→ **EXERCISE**: All lines from the one that contains "M00426-BEYAZ MAVİ BEYAZ MAVİ ELBİSE" through the close of the entries below are to be repeated exactly, without any pictures.

Data items
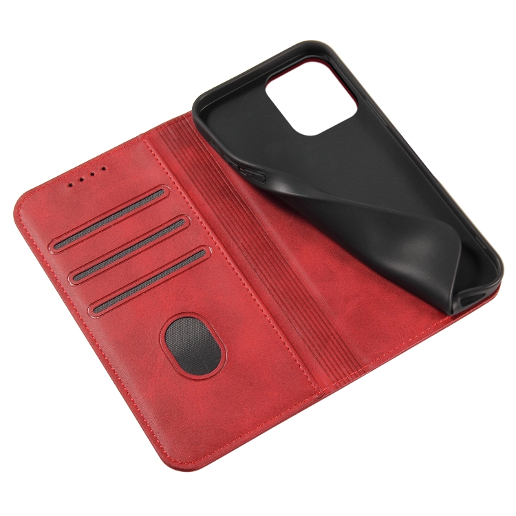 Funda de Cuero para iPhone 12 Pro Max Calf Texture con Tapa Horizontal Magnética, Soporte y Ranuras para Tarjetas (Rojo)
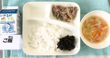 今日の献立は、豚肉のごまみそ焼き・すまし汁・のりのつくだ煮・ごはん・牛乳でした。
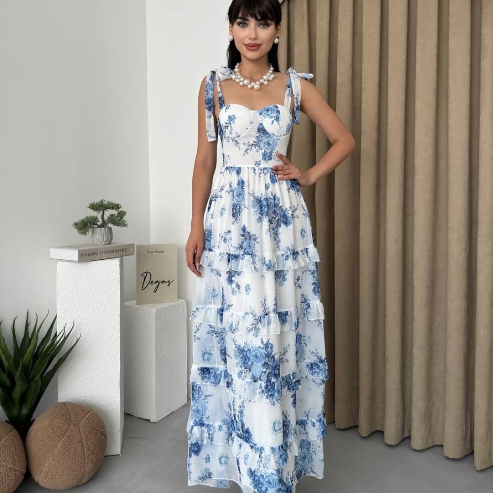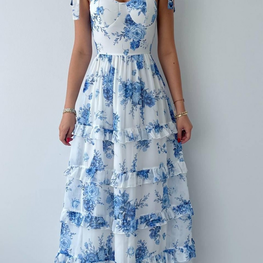 M00426-BEYAZ MAVİ BEYAZ MAVİ ELBİSE
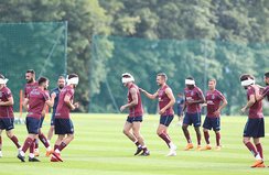 Teknik Direktör Ünal Karaman, yönetiminde yapılan antrenmanın ilk bölümünde bordo-mavililer neşeli bir çalışma gerçekleştirdi. Her antrenmanda farklı çalışma metotları uygulamaya özen gösteren Ünal Karaman, bu kez futbolcuların gözlerini havlu ile bağlayarak bir birleriyle eşleştirdi. Daha sonra arkalarından bir birlerini takip etmelerini istedi. Oyuncularının bir birlerine güven duymalarını isteyen Karaman, sürekli iletişim halinde olarak bir birlerini yönlendirmeleri gerektiğini belirtti. Teknik heyetin bu çalışma programı futbolcular tarafından da oldukça beğenildi.
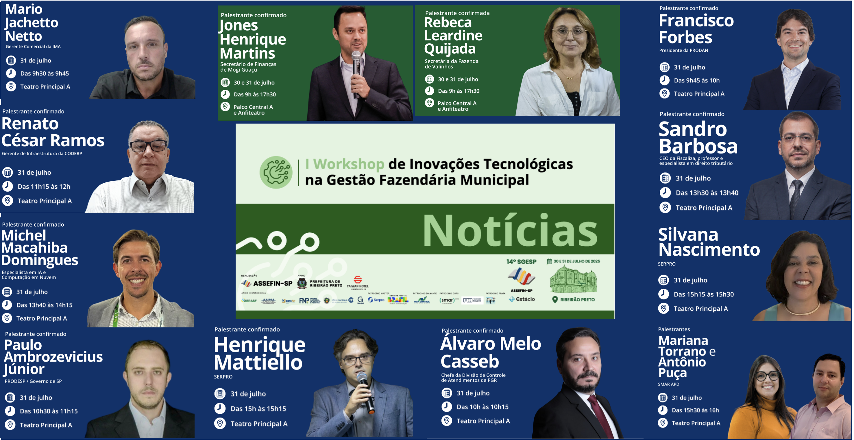 Pela primeira vez, o palco principal do SGESP será reservado para um workshop técnico de dia inteiro, com foco exclusivo em inovação tecnológica no setor público fazendário. O Workshop de Inovações Tecnológicas na Gestão Fazendária Municipal será realizado no dia 31 de julho, dentro da programação do 14.º SGESP, com curadoria do SERPRO e da CODERP. A atividade reunirá especialistas de empresas públicas de TI, gestores de municípios associados e representantes de startups e universidades.
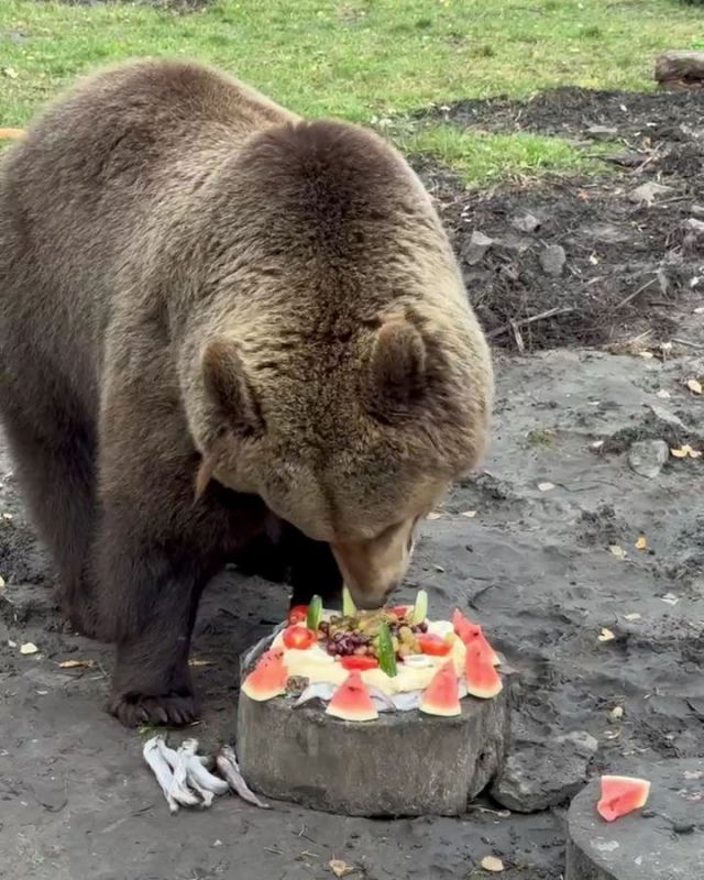По словам сотрудников, в этом году медведицы вели себя образцово. Они с готовностью вышли на зов смотрителей и с энтузиазмом принялись за специально приготовленные для них торты.
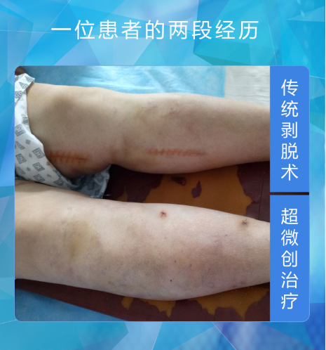 3、传统手术抽剥治疗:治疗费用高、疗效慢、疼痛大、留有疤痕等,正一步步被社会所淘汰。
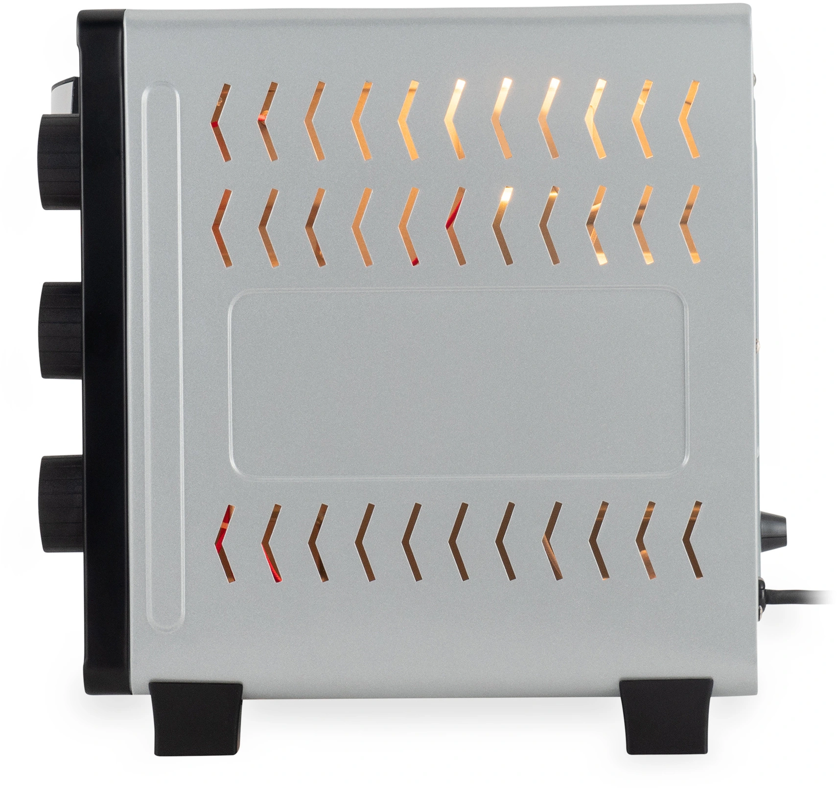 Устройство может готовить с использованием нижнего или верхнего жара, а также обоих сразу для равномерной термической обработки с двух сторон. Также настраивается в нём и температура с максимально возможной до 250 градусов. Каждому из этих параметров соответствует свой отдельный круговой переключатель на лицевой панели, а третий отвечает за настройку таймера (крайнее значение – 120 минут). Все они не нагреваются, когда прибор активен.

→ **EXPECTED ANSWER**:
 M00426-BEYAZ MAVİ BEYAZ MAVİ ELBİSE
 Teknik Direktör Ünal Karaman, yönetiminde yapılan antrenmanın ilk bölümünde bordo-mavililer neşeli bir çalışma gerçekleştirdi. Her antrenmanda farklı çalışma metotları uygulamaya özen gösteren Ünal Karaman, bu kez futbolcuların gözlerini havlu ile bağlayarak bir birleriyle eşleştirdi. Daha sonra arkalarından bir birlerini takip etmelerini istedi. Oyuncularının bir birlerine güven duymalarını isteyen Karaman, sürekli iletişim halinde olarak bir birlerini yönlendirmeleri gerektiğini belirtti. Teknik heyetin bu çalışma programı futbolcular tarafından da oldukça beğenildi.
 Pela primeira vez, o palco principal do SGESP será reservado para um workshop técnico de dia inteiro, com foco exclusivo em inovação tecnológica no setor público fazendário. O Workshop de Inovações Tecnológicas na Gestão Fazendária Municipal será realizado no dia 31 de julho, dentro da programação do 14.º SGESP, com curadoria do SERPRO e da CODERP. A atividade reunirá especialistas de empresas públicas de TI, gestores de municípios associados e representantes de startups e universidades.
По словам сотрудников, в этом году медведицы вели себя образцово. Они с готовностью вышли на зов смотрителей и с энтузиазмом принялись за специально приготовленные для них торты.
 3、传统手术抽剥治疗:治疗费用高、疗效慢、疼痛大、留有疤痕等,正一步步被社会所淘汰。
 Устройство может готовить с использованием нижнего или верхнего жара, а также обоих сразу для равномерной термической обработки с двух сторон. Также настраивается в нём и температура с максимально возможной до 250 градусов. Каждому из этих параметров соответствует свой отдельный круговой переключатель на лицевой панели, а третий отвечает за настройку таймера (крайнее значение – 120 минут). Все они не нагреваются, когда прибор активен.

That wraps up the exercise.